■ WHAT YOU ARE ASKED TO DO
The records that follow are to be repeated exactly, without any pictures.

[Records from a data source]
________________________
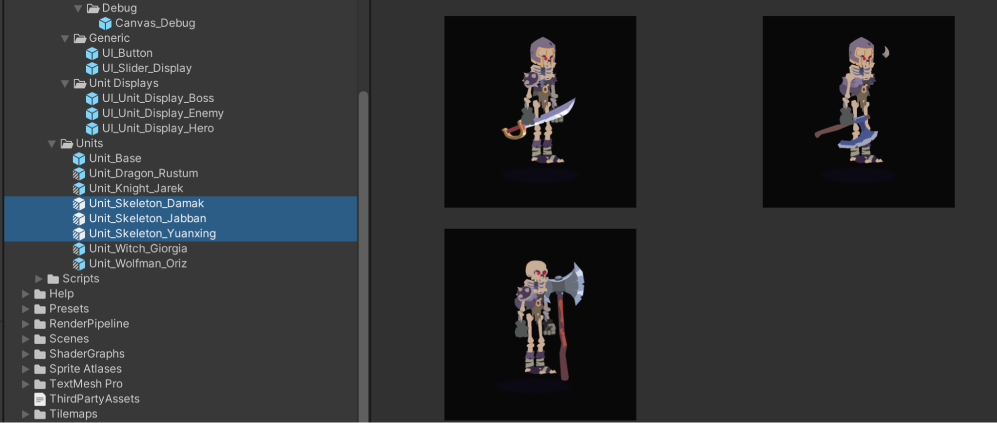 新的Unity 2D演示,Dragon Crashers,这些预制变种拥有不同的武器和能力。
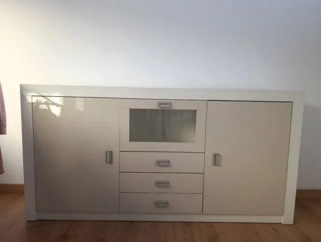 Mueble blanco/beige salón/entrada con cristal
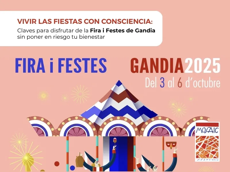 La Fira i Festes de Gandia es uno de los eventos más esperados del año en la comarca de La Safor: música, cultura, tradición y reencuentros. Pero para muchas personas en proceso de recuperación de una adicción, estas fiestas pueden suponer un reto. Desde Mosaic compartimos consejos, reflexiones y alternativas para disfrutar de la Fira con conciencia, libertad y sin poner en riesgo tu bienestar emocional. Porque sí, se puede vivir la fiesta de otra manera.
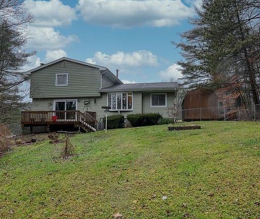There is also a whole house intercom/radio system,15 foot vaulted ceilings in the dining and front room.A large deck overlooking a peaceful backyard bordered
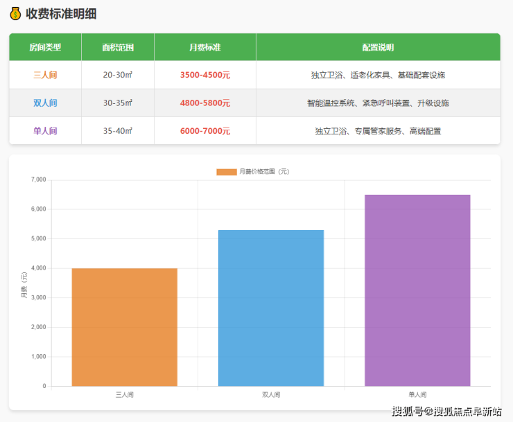 收费标准采用分级定价模式,整体费用区间为4000-7000元/月,具体根据房型选择、护理等级确定。费用包含床位费、基础护理费、营养膳食等主要项目,特殊医疗护理按需单独计费,无任何隐性消费。
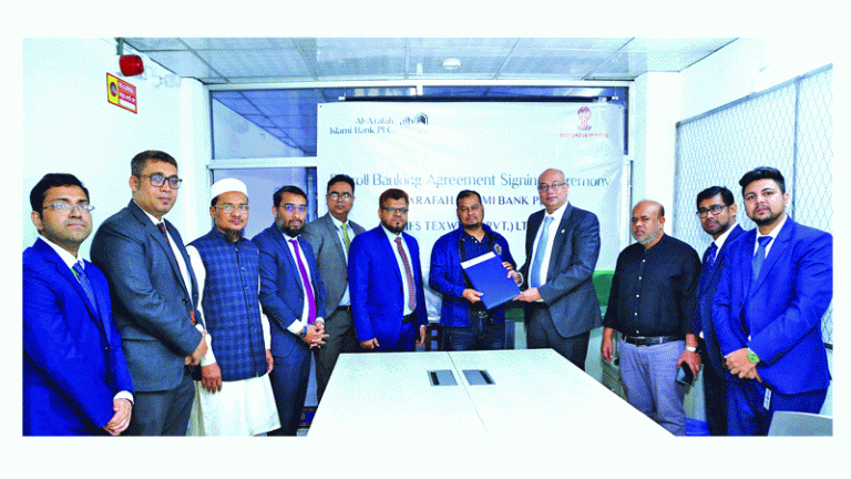 আল-আরাফাহ্ ইসলামী ব্যাংক এবং আইএফএস টেক্সওয়্যার (প্রাইভেট) লিমিটেডের মধ্যে সম্প্রতি পে-রোল ব্যাংকিং চুক্তি স্বারিত হয়েছে।
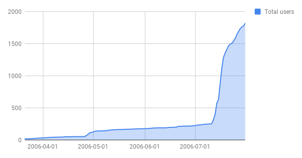 这是最初发布的每日图表。我能找到的关于该服务的第一次公开提及是在7月13日晚些时候,出现在 Evan Williams 的博客上,但你可以看到,即使在 12 日,注册也出现了小幅增长。然后是 Om Malik 在15日的帖子,真正推动了增长,随后的一天有超过 250人注册。我发现有趣的是,那时服务上的人数不到 600人,所以这是一个非常有先见之明的宣传。[…]
________________________
■ EXERCISE RESPONSE
 新的Unity 2D演示,Dragon Crashers,这些预制变种拥有不同的武器和能力。
 Mueble blanco/beige salón/entrada con cristal
 La Fira i Festes de Gandia es uno de los eventos más esperados del año en la comarca de La Safor: música, cultura, tradición y reencuentros. Pero para muchas personas en proceso de recuperación de una adicción, estas fiestas pueden suponer un reto. Desde Mosaic compartimos consejos, reflexiones y alternativas para disfrutar de la Fira con conciencia, libertad y sin poner en riesgo tu bienestar emocional. Porque sí, se puede vivir la fiesta de otra manera.
There is also a whole house intercom/radio system,15 foot vaulted ceilings in the dining and front room.A large deck overlooking a peaceful backyard bordered
 收费标准采用分级定价模式,整体费用区间为4000-7000元/月,具体根据房型选择、护理等级确定。费用包含床位费、基础护理费、营养膳食等主要项目,特殊医疗护理按需单独计费,无任何隐性消费。
 আল-আরাফাহ্ ইসলামী ব্যাংক এবং আইএফএস টেক্সওয়্যার (প্রাইভেট) লিমিটেডের মধ্যে সম্প্রতি পে-রোল ব্যাংকিং চুক্তি স্বারিত হয়েছে।
 这是最初发布的每日图表。我能找到的关于该服务的第一次公开提及是在7月13日晚些时候,出现在 Evan Williams 的博客上,但你可以看到,即使在 12 日,注册也出现了小幅增长。然后是 Om Malik 在15日的帖子,真正推动了增长,随后的一天有超过 250人注册。我发现有趣的是,那时服务上的人数不到 600人,所以这是一个非常有先见之明的宣传。[…]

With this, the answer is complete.